- **WHAT YOU NEED TO DO**:
In the material below, find how many lines contain the string "from". Write only that number.

- **RECORDS SHOWN**:
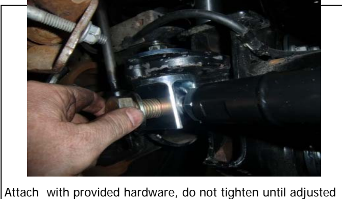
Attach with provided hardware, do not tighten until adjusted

...

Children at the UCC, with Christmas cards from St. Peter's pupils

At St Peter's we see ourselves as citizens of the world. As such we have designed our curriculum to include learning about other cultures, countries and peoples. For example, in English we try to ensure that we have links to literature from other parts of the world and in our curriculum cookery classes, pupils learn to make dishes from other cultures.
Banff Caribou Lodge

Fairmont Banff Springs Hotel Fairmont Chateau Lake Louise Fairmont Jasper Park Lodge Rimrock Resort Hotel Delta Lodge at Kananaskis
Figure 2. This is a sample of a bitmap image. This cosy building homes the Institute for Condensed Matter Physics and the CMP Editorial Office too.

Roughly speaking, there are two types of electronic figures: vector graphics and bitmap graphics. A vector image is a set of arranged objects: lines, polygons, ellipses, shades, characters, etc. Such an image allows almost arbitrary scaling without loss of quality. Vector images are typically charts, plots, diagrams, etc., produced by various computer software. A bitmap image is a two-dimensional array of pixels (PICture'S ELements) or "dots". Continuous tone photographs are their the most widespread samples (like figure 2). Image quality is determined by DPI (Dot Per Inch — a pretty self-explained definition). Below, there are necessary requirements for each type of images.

- **REPLY TO THE EXERCISE**:
2